**About this task**.
Each entry below should be returned exactly as is, with the pictures removed.

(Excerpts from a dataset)

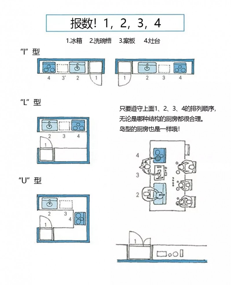 1、根據(jù)「下廚行動線」劃分不同功能區(qū),行動線:冰箱拿食材-洗菜-切菜-烹調(diào),不管什么結(jié)構(gòu),動線都是1-2-3-4, “I”“L”"U”型廚房的設(shè)置如下:
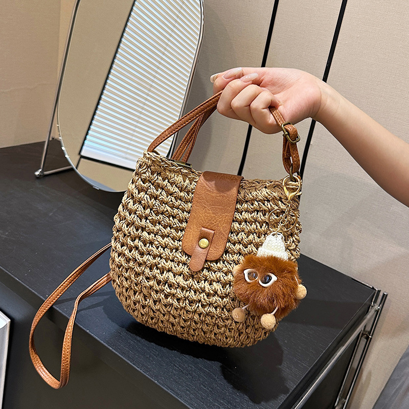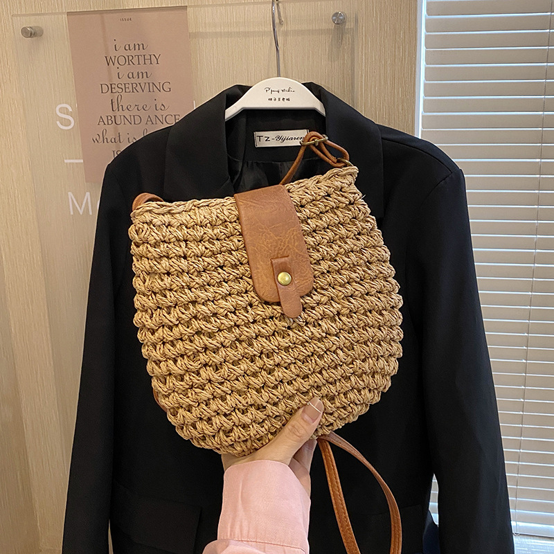 跨镜编织草编包包女2025小众设计时尚海边沙滩手机包单肩斜挎女包
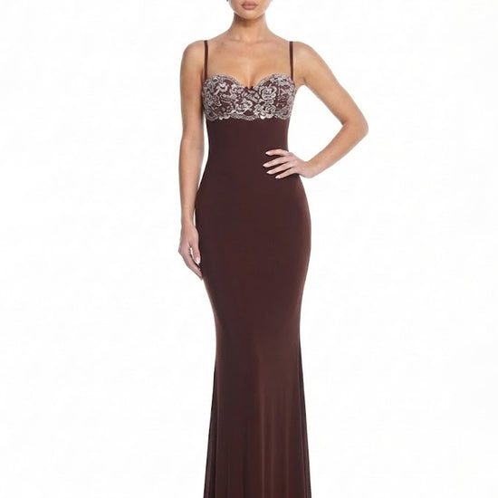 Exude effortless romance in this sophisticated and figure-sculpting creation. This piece features a beautifully detailed floral lace bust and a flattering sweetheart neckline, supported by delicate spaghetti straps. The body-skimming silhouette is crafted from a smooth, supple material that flows gracefully to the floor for a statuesque look. Whether for upscale lounging or an intimate evening, this outfit defines modern elegance.
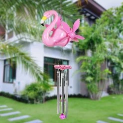 - Beautifully hand painted spinning Flamingo Wind Chime
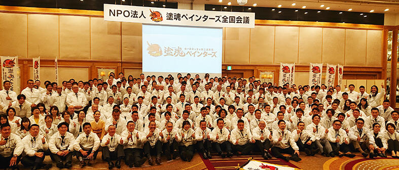 2023-11-01 2023:11:01:15:12:21 NPO法人化、世の中にインパクトを 全国会議に300名参加 塗魂ペインターズ Tweet 塗装ボランティア活動の団体である塗魂ペインターズは、「2023年塗魂ペインターズ全国会議in神奈川」を10月5日、横浜ロイヤルパークホテルで開催した。会場には全国から会員や協賛メーカーなど約300名が出席した。塗魂ペインターズは「塗装でできる社会貢献」を理念に全国で塗装によるボランティア活動を行う団体。全国13エリアに拠点を有し、会員数は250社を数える。2009年の発足から全国各地の160カ所でボランティア活動を実行している。全国会議であいさつに立った宮嶋祐介会長は「北は北海道、南は九州、鹿児島まで日本全国からたくさんの人が参加してくました。本当にありがとうございます。この素晴らしい全国会議の企画、そして準備をしてくれた神奈川塗魂の皆さん、ありがとうございます。今日は横浜の地に約300名メンバーが集まってくれています。今までの全国会議で一番の規模感じゃないかと思っています。ボランティア活動には1つ1つにすべてストーリーがあると思います。それが我々にとってかけがえのない財産、それが塗魂ペインターズに在り方ではないかなと思っています。今年の塗魂ペインターズの目標が、日本全国襷(たすき)ボランティアとして北海道から九州まで日本全国でボランティア活動を実施することでした。残念ながら新型コロナの影響によって、ボランティア活動自体が自粛されました。ただ我々はそれを行うために集った団体です。ですから昨年全国会議の場でここからもう一度社会を良くしていこう、そして塗魂ペインターズが日本を明るくしていこう、そういう強い思いを持って皆様に少し強引なお願いだったかもしれませんが、お伝えをさせていただきました。あれから1年、おかげさまで全国13エリアすべてでボランティアを実行しました。皆様ありがとうございました。もっともっと世の中に広げていくべきだと思います。ですから2030年日本全国1,000社の会員とともに日本を我々の力でもっと良くしていこうじゃないですか。ぜひ心を1つにここから歩んでいきましょう」と熱く述べた。更に宮嶋会長は塗魂ペインターズのNPO法人化を報告。「これからは公の団体としてもっと世の中にインパクトを与えていきたい。ここから新生NPO法人塗魂ペインターズとして、より活動の幅を広げてもっともっと社会に貢献していきましょう」と呼び掛けた。また、2016年から2代目会長として会を引っ張ってきた宮嶋会長は来年3代目に継承することを発表。「いつの時代も青年が時代を変えていきます。塗魂ペインターズが未来永劫繁栄するためにも3代目へとバトンをつなげていきます」と報告し、来年10月10日に開催する全国会議で継承式を行う。その後、来賓としてアステックペイント代表取締役・菅原徹氏があいさつした他、ボランティア活動動画の上映などが行われた。また、エリア実績発表では北関東塗魂エリアと神奈川・山梨エリアからの発表があり、実施したボランティアの様子や勉強会について報告した。その後は会場を移して懇親会が行われ盛況裡に散会した。 20231018-3-2 20231018-3-3 関連記事 複合的な危機、突破力で乗り越える 全国会議を開催 塗魂ペインターズ 塗魂ペインターズ会員への商材提供開始 日本塗装名人社(JPM) 総勢100名が参加、校舎をペイント 関西ペイント/RSプラチナ会 住宅塗装、「30年周期説」回避へ向けて 建築塗料・塗装特集マーケットレビュー2025春 「ひめゆり平和祈念資料館」をボランティア塗装 塗装で体現"ゆいまーる"の精神 塗魂ペインターズ
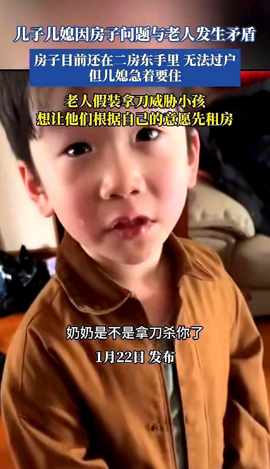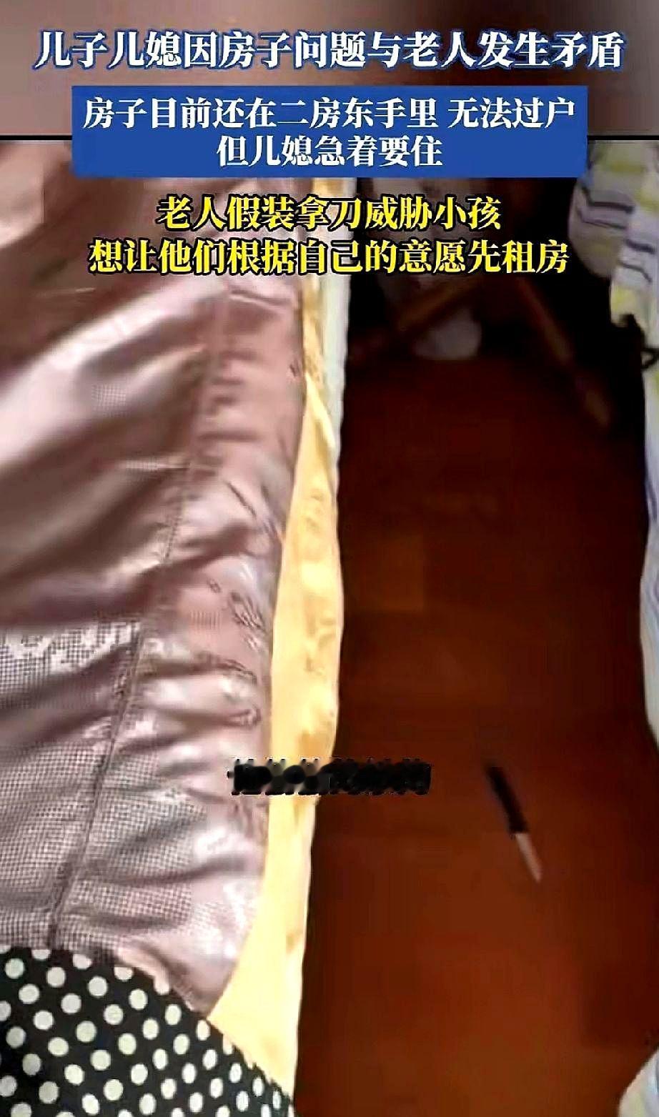 房子的事情,能把一个家庭闹得像过年抢红包一样热闹,到最后才知结果。本以为一家人坐在一起聊聊天就可以了,没想到直接变成了大型惊悚现场——奶奶急了,刀子噌的一下就戳到了孙子的脖子上,整个房间都变得冰凉刺骨起来。 老人想让小辈搬出去住,但是小辈就是不肯走,觉得租房太亏了,二房东那边又办不到过户手续,谁也不愿意退步。没想到口头上斗来斗去就失控了,刀光一出,亲情全部被撕碎,手机拍下的画面比直播更扎心,在地上的一把刀就像是一记警钟一样敲得越响就越没有效果地在屋子里的人耳边响起。 说到底,不是房子分得难看,而是有人脾气比房价还硬,一有事儿就非用极端方式逼迫对方认怂。一旦安全线被踩爆之后沟通就会彻底失灵了,谁也不愿意听那些废话了,只剩下谁能出手更快、压住场面而已。家庭好比炸锅的油条一样,在早晚的时候容易出现事故。 以前人们认为,家里出了问题可以慢慢解决,可是真正到了要用刀的时候就已经晚了。活生生的例子摆在面前,下次再遇到类似的事情时要有一说一地把底线守住,并且把危险挡到门外留点机会看看家人还像不像家人。房子是自己的东西,在做人方面也应该有界限。
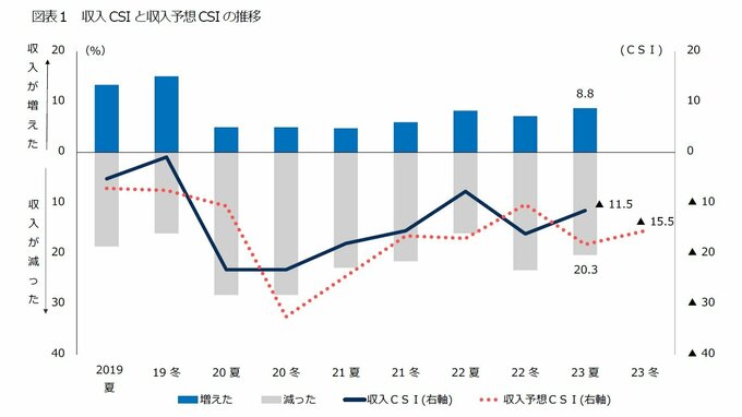 一方で、今後の先行きを占める収入予想はマイナス15.5と、現在よりも4ポイント低く、先行きは不透明と考えている人が多いとみられています。
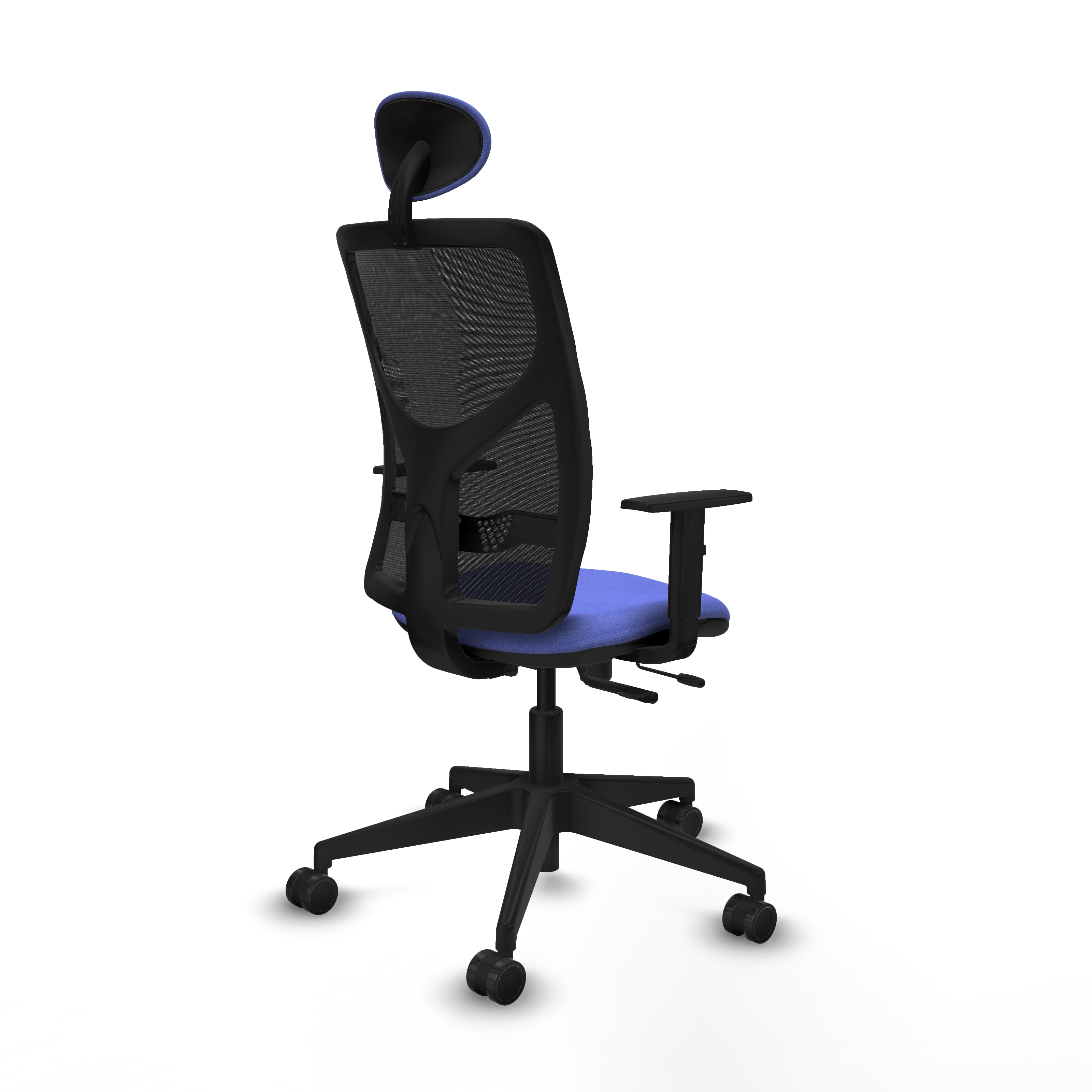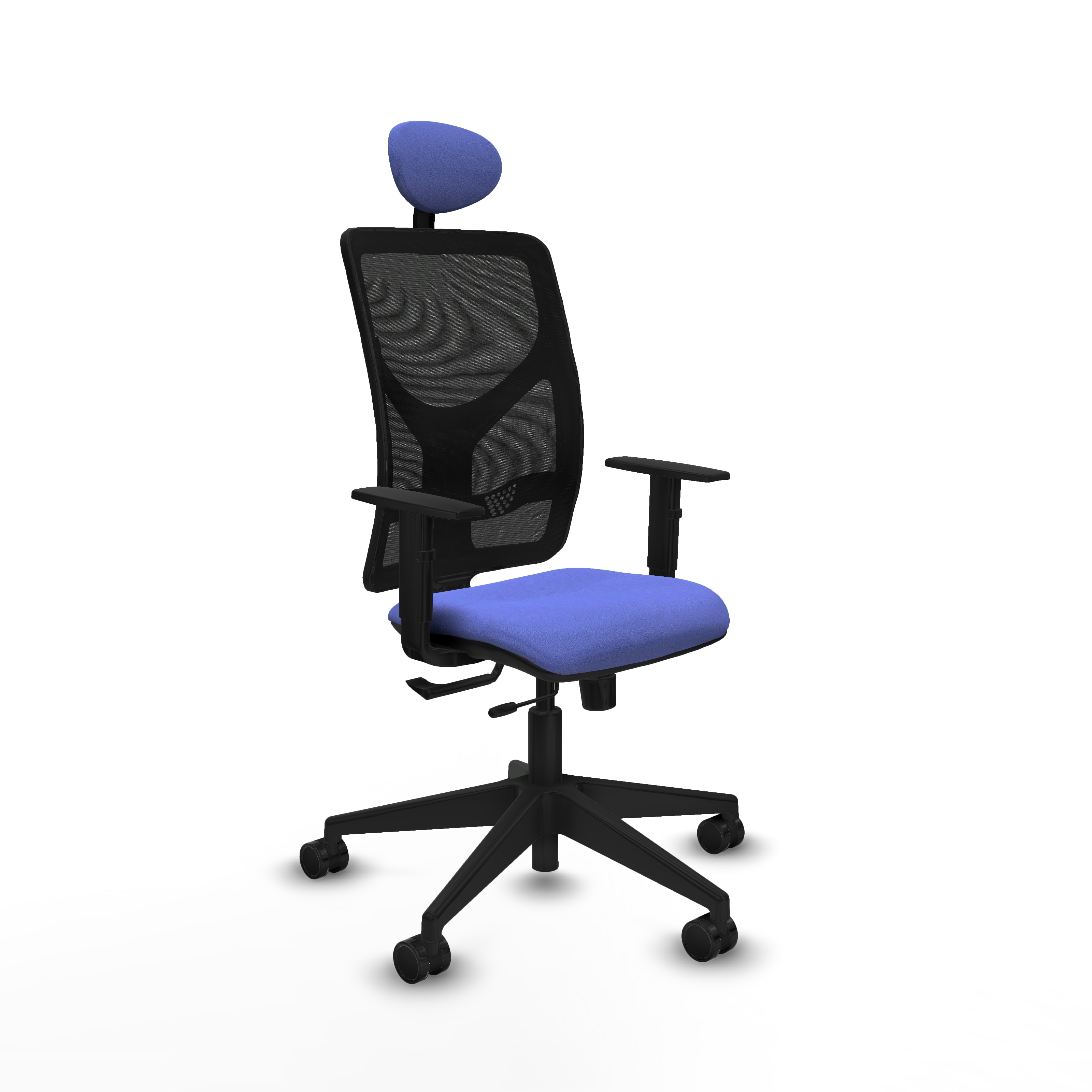 Motilla traslack malla negra bali azul claro brazos 1D base piramidal cabecero fijo ruedas 65mm nailon
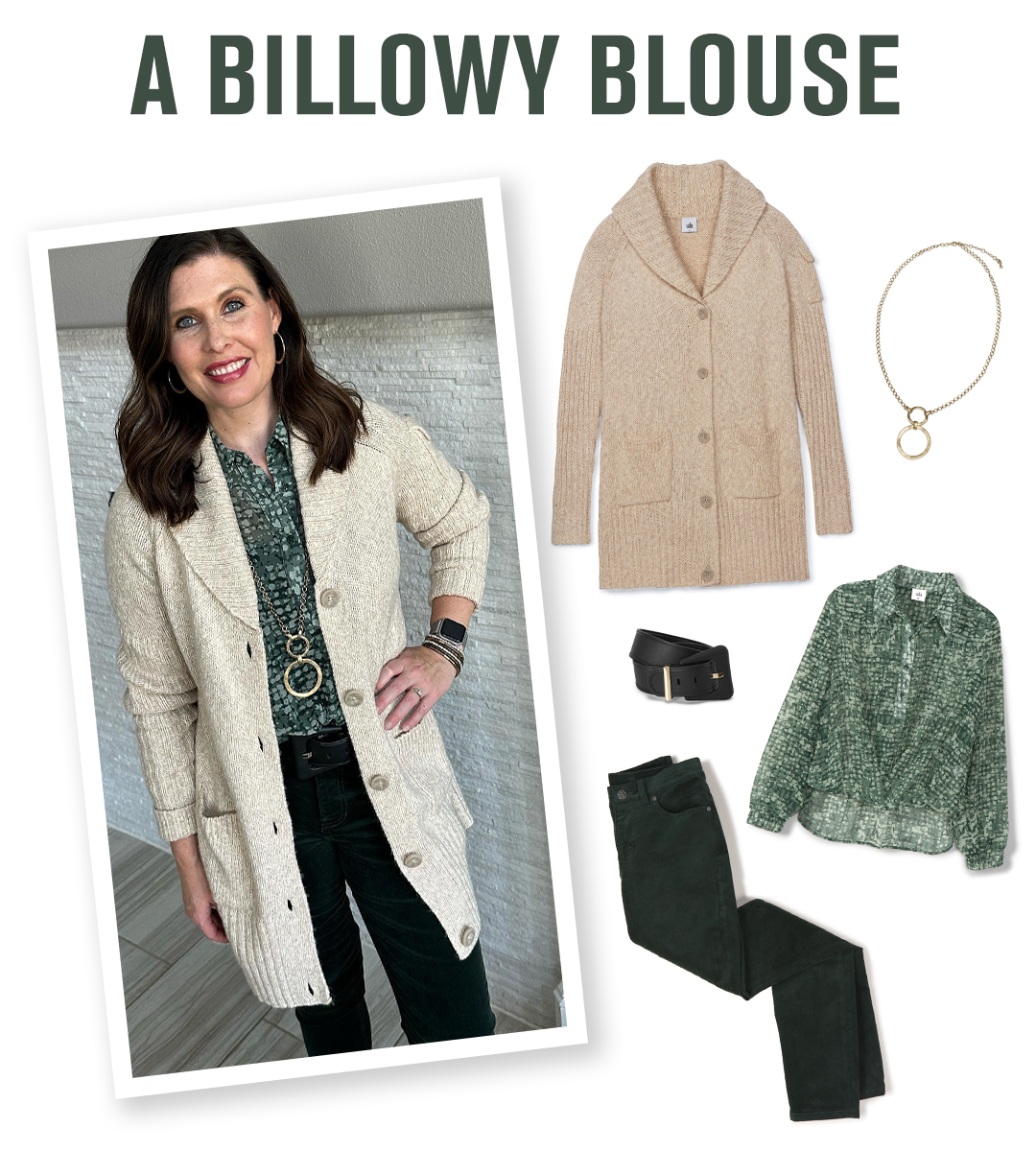 With every release of a New Arrivals Collection comes an opportunity to breathe new life into your wardrobe…a chance to hit the refresh button and dream up new and improved ways to flex your creative muscles. In this Collection, you’ll find textures galore: corduroy, knits of varying gauges, sheer chiffon blouses, two different toppers, and a fun, flirty dress (if you needed permission to be fun and flirty in the winter, here it is!).

**The completed task**.
 1、根據(jù)「下廚行動線」劃分不同功能區(qū),行動線:冰箱拿食材-洗菜-切菜-烹調(diào),不管什么結(jié)構(gòu),動線都是1-2-3-4, “I”“L”"U”型廚房的設(shè)置如下:
 跨镜编织草编包包女2025小众设计时尚海边沙滩手机包单肩斜挎女包
 Exude effortless romance in this sophisticated and figure-sculpting creation. This piece features a beautifully detailed floral lace bust and a flattering sweetheart neckline, supported by delicate spaghetti straps. The body-skimming silhouette is crafted from a smooth, supple material that flows gracefully to the floor for a statuesque look. Whether for upscale lounging or an intimate evening, this outfit defines modern elegance.
 - Beautifully hand painted spinning Flamingo Wind Chime
 2023-11-01 2023:11:01:15:12:21 NPO法人化、世の中にインパクトを 全国会議に300名参加 塗魂ペインターズ Tweet 塗装ボランティア活動の団体である塗魂ペインターズは、「2023年塗魂ペインターズ全国会議in神奈川」を10月5日、横浜ロイヤルパークホテルで開催した。会場には全国から会員や協賛メーカーなど約300名が出席した。塗魂ペインターズは「塗装でできる社会貢献」を理念に全国で塗装によるボランティア活動を行う団体。全国13エリアに拠点を有し、会員数は250社を数える。2009年の発足から全国各地の160カ所でボランティア活動を実行している。全国会議であいさつに立った宮嶋祐介会長は「北は北海道、南は九州、鹿児島まで日本全国からたくさんの人が参加してくました。本当にありがとうございます。この素晴らしい全国会議の企画、そして準備をしてくれた神奈川塗魂の皆さん、ありがとうございます。今日は横浜の地に約300名メンバーが集まってくれています。今までの全国会議で一番の規模感じゃないかと思っています。ボランティア活動には1つ1つにすべてストーリーがあると思います。それが我々にとってかけがえのない財産、それが塗魂ペインターズに在り方ではないかなと思っています。今年の塗魂ペインターズの目標が、日本全国襷(たすき)ボランティアとして北海道から九州まで日本全国でボランティア活動を実施することでした。残念ながら新型コロナの影響によって、ボランティア活動自体が自粛されました。ただ我々はそれを行うために集った団体です。ですから昨年全国会議の場でここからもう一度社会を良くしていこう、そして塗魂ペインターズが日本を明るくしていこう、そういう強い思いを持って皆様に少し強引なお願いだったかもしれませんが、お伝えをさせていただきました。あれから1年、おかげさまで全国13エリアすべてでボランティアを実行しました。皆様ありがとうございました。もっともっと世の中に広げていくべきだと思います。ですから2030年日本全国1,000社の会員とともに日本を我々の力でもっと良くしていこうじゃないですか。ぜひ心を1つにここから歩んでいきましょう」と熱く述べた。更に宮嶋会長は塗魂ペインターズのNPO法人化を報告。「これからは公の団体としてもっと世の中にインパクトを与えていきたい。ここから新生NPO法人塗魂ペインターズとして、より活動の幅を広げてもっともっと社会に貢献していきましょう」と呼び掛けた。また、2016年から2代目会長として会を引っ張ってきた宮嶋会長は来年3代目に継承することを発表。「いつの時代も青年が時代を変えていきます。塗魂ペインターズが未来永劫繁栄するためにも3代目へとバトンをつなげていきます」と報告し、来年10月10日に開催する全国会議で継承式を行う。その後、来賓としてアステックペイント代表取締役・菅原徹氏があいさつした他、ボランティア活動動画の上映などが行われた。また、エリア実績発表では北関東塗魂エリアと神奈川・山梨エリアからの発表があり、実施したボランティアの様子や勉強会について報告した。その後は会場を移して懇親会が行われ盛況裡に散会した。 20231018-3-2 20231018-3-3 関連記事 複合的な危機、突破力で乗り越える 全国会議を開催 塗魂ペインターズ 塗魂ペインターズ会員への商材提供開始 日本塗装名人社(JPM) 総勢100名が参加、校舎をペイント 関西ペイント/RSプラチナ会 住宅塗装、「30年周期説」回避へ向けて 建築塗料・塗装特集マーケットレビュー2025春 「ひめゆり平和祈念資料館」をボランティア塗装 塗装で体現"ゆいまーる"の精神 塗魂ペインターズ
 房子的事情,能把一个家庭闹得像过年抢红包一样热闹,到最后才知结果。本以为一家人坐在一起聊聊天就可以了,没想到直接变成了大型惊悚现场——奶奶急了,刀子噌的一下就戳到了孙子的脖子上,整个房间都变得冰凉刺骨起来。 老人想让小辈搬出去住,但是小辈就是不肯走,觉得租房太亏了,二房东那边又办不到过户手续,谁也不愿意退步。没想到口头上斗来斗去就失控了,刀光一出,亲情全部被撕碎,手机拍下的画面比直播更扎心,在地上的一把刀就像是一记警钟一样敲得越响就越没有效果地在屋子里的人耳边响起。 说到底,不是房子分得难看,而是有人脾气比房价还硬,一有事儿就非用极端方式逼迫对方认怂。一旦安全线被踩爆之后沟通就会彻底失灵了,谁也不愿意听那些废话了,只剩下谁能出手更快、压住场面而已。家庭好比炸锅的油条一样,在早晚的时候容易出现事故。 以前人们认为,家里出了问题可以慢慢解决,可是真正到了要用刀的时候就已经晚了。活生生的例子摆在面前,下次再遇到类似的事情时要有一说一地把底线守住,并且把危险挡到门外留点机会看看家人还像不像家人。房子是自己的东西,在做人方面也应该有界限。
 一方で、今後の先行きを占める収入予想はマイナス15.5と、現在よりも4ポイント低く、先行きは不透明と考えている人が多いとみられています。
 Motilla traslack malla negra bali azul claro brazos 1D base piramidal cabecero fijo ruedas 65mm nailon
 With every release of a New Arrivals Collection comes an opportunity to breathe new life into your wardrobe…a chance to hit the refresh button and dream up new and improved ways to flex your creative muscles. In this Collection, you’ll find textures galore: corduroy, knits of varying gauges, sheer chiffon blouses, two different toppers, and a fun, flirty dress (if you needed permission to be fun and flirty in the winter, here it is!).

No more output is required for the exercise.